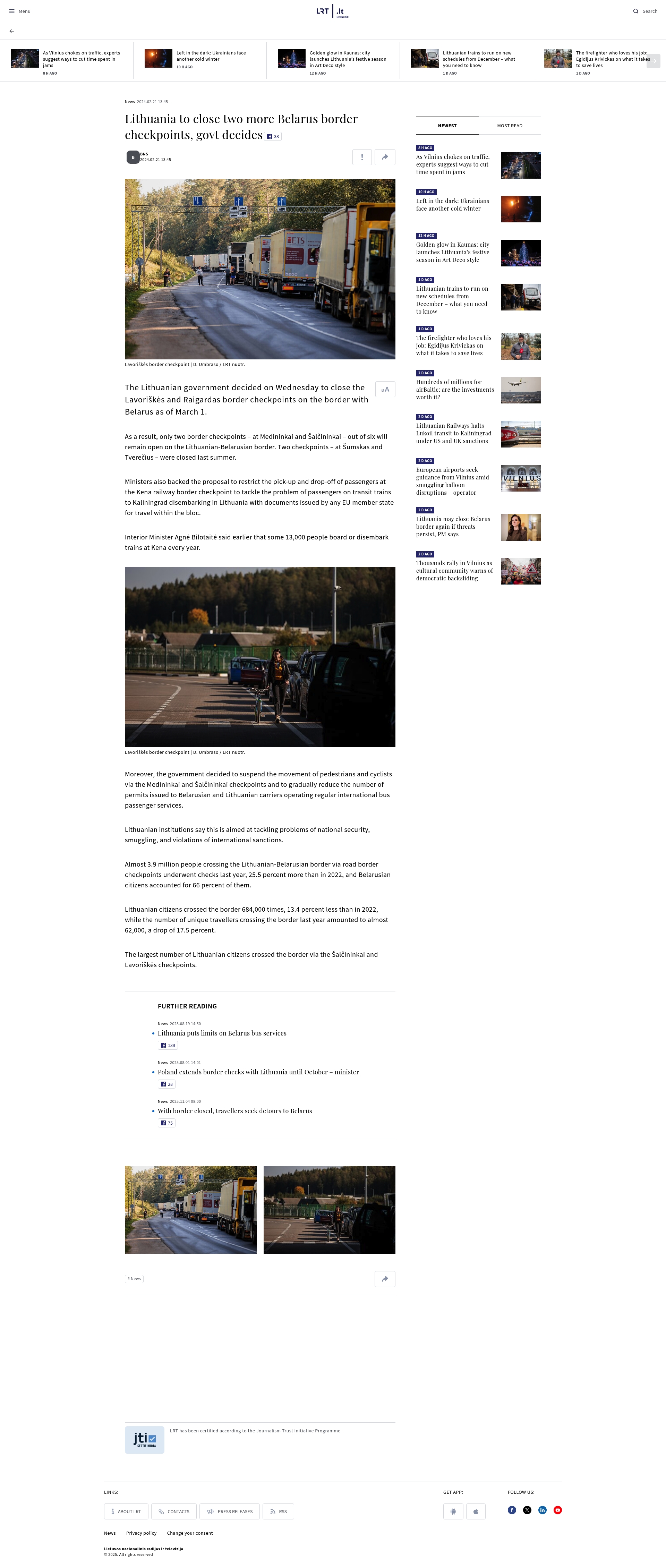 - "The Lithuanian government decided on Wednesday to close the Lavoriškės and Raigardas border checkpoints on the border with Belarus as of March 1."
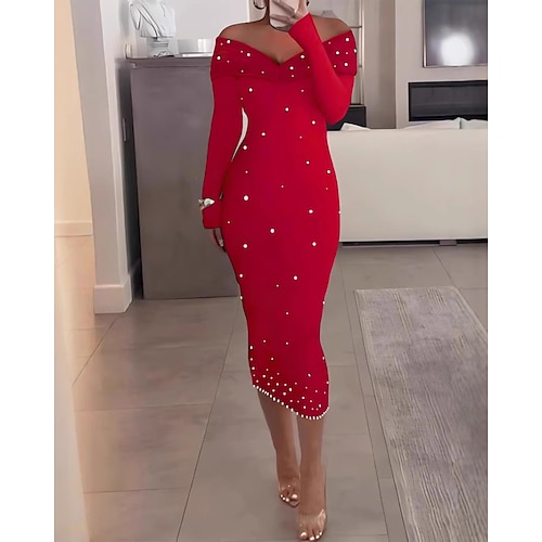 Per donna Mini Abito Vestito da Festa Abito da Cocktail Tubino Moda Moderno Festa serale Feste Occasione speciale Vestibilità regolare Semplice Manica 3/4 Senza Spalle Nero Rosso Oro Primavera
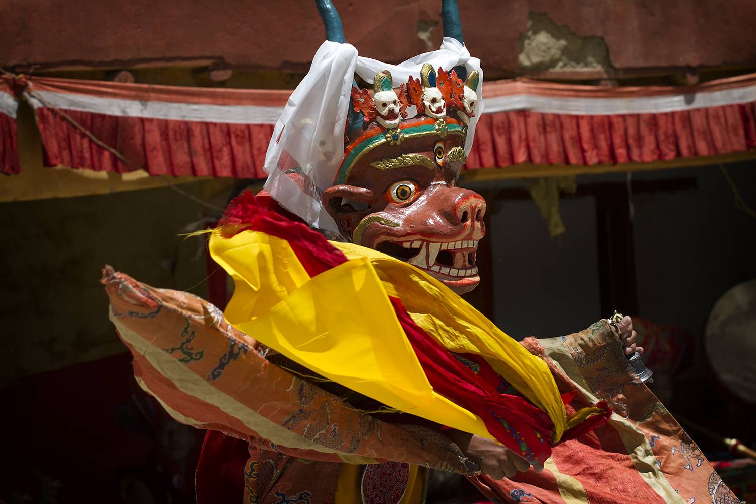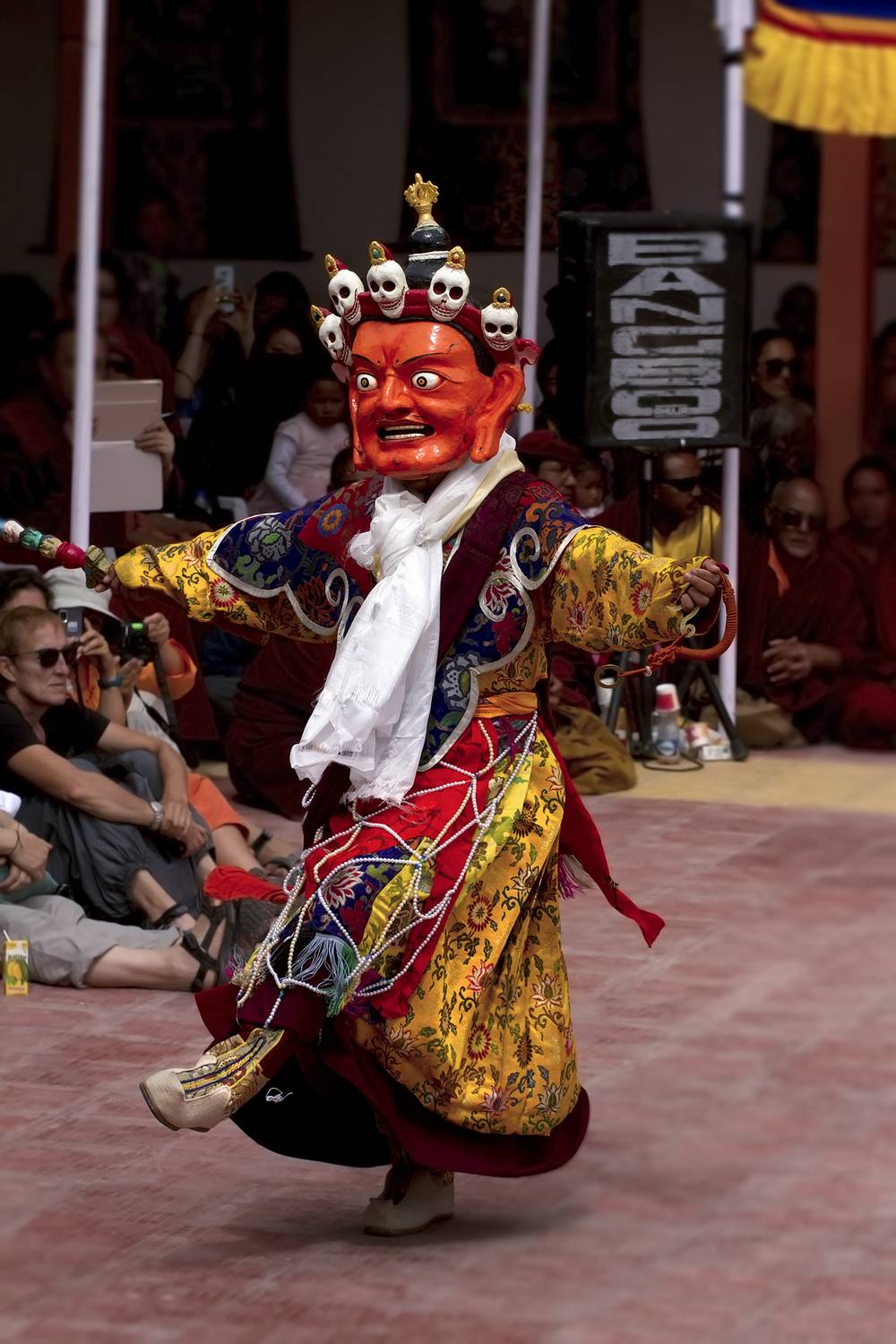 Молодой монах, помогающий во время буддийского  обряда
::::
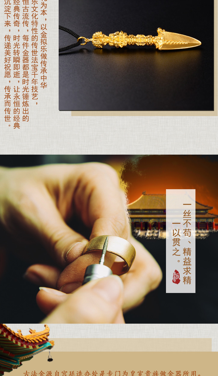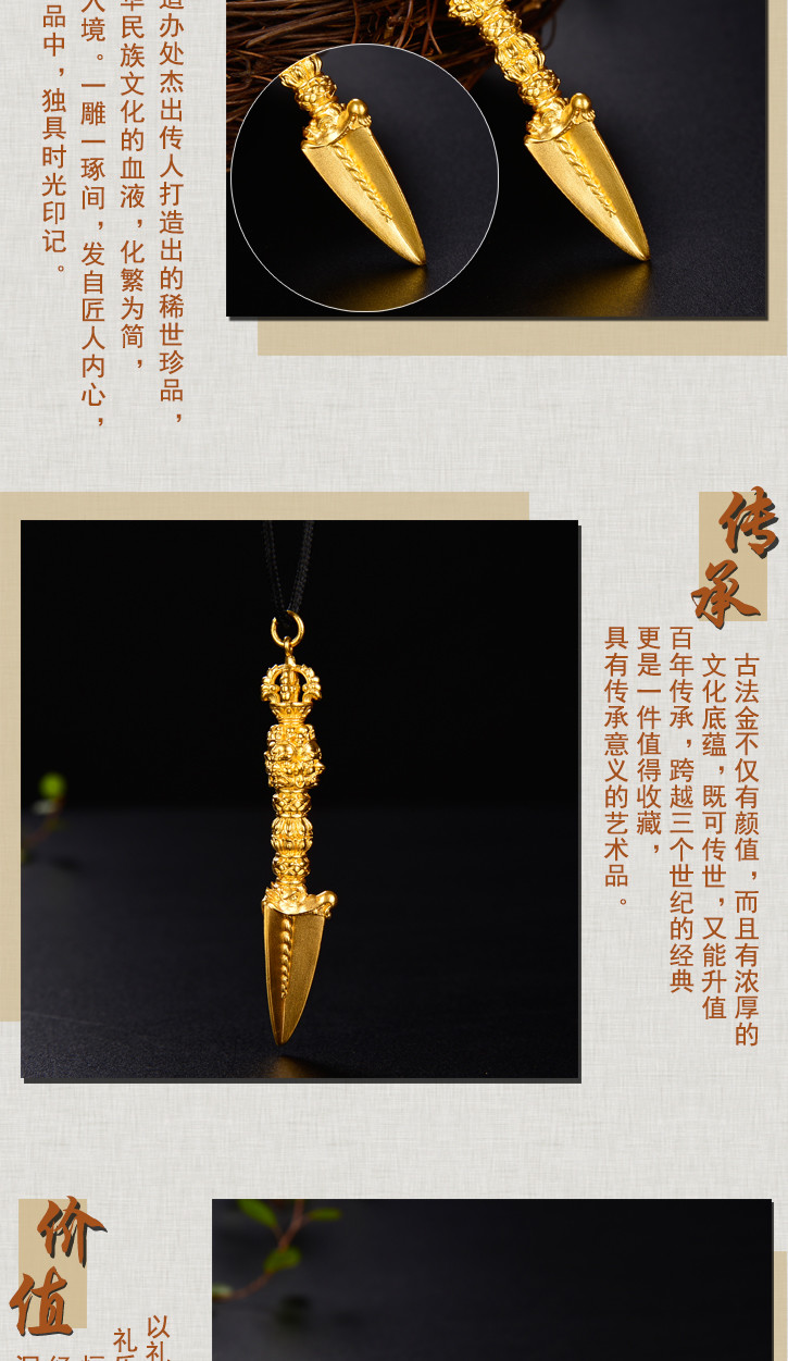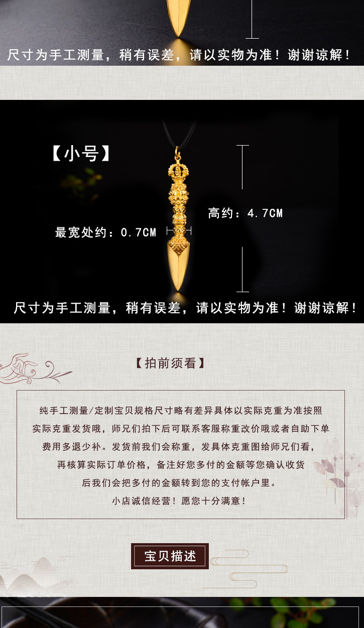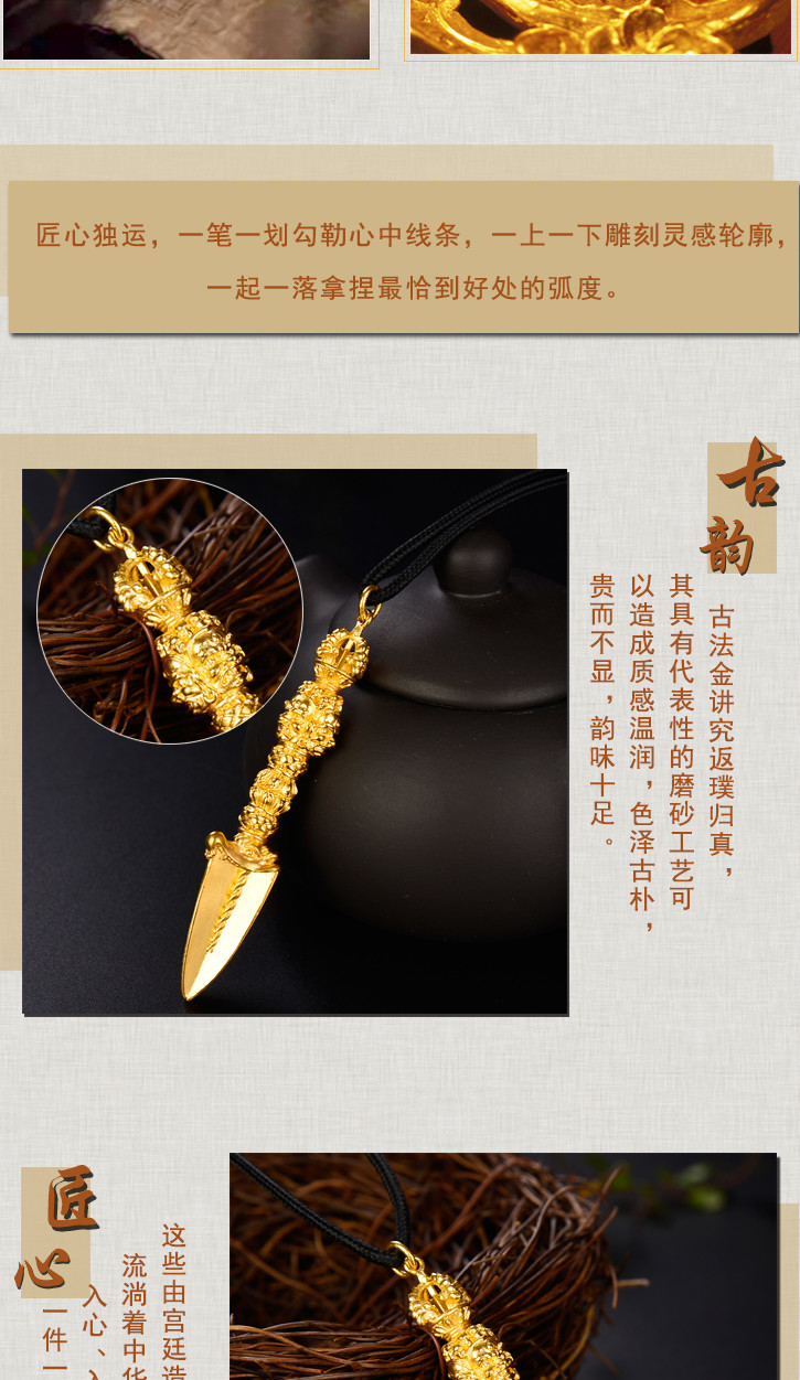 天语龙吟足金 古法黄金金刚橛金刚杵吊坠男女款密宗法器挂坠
::::
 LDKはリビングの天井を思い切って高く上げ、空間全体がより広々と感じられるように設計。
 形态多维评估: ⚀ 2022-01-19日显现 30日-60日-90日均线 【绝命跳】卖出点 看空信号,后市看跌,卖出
::::
TASK BRIEF:
Only the lines above from the one with "Lithuanian government decided" to the one with "Молодой монах, помогающий" should be printed, both included and exactly as written; no picture belongs in the copy.

ANSWER TO THIS EXERCISE:
 - "The Lithuanian government decided on Wednesday to close the Lavoriškės and Raigardas border checkpoints on the border with Belarus as of March 1."
 Per donna Mini Abito Vestito da Festa Abito da Cocktail Tubino Moda Moderno Festa serale Feste Occasione speciale Vestibilità regolare Semplice Manica 3/4 Senza Spalle Nero Rosso Oro Primavera
 Молодой монах, помогающий во время буддийского  обряда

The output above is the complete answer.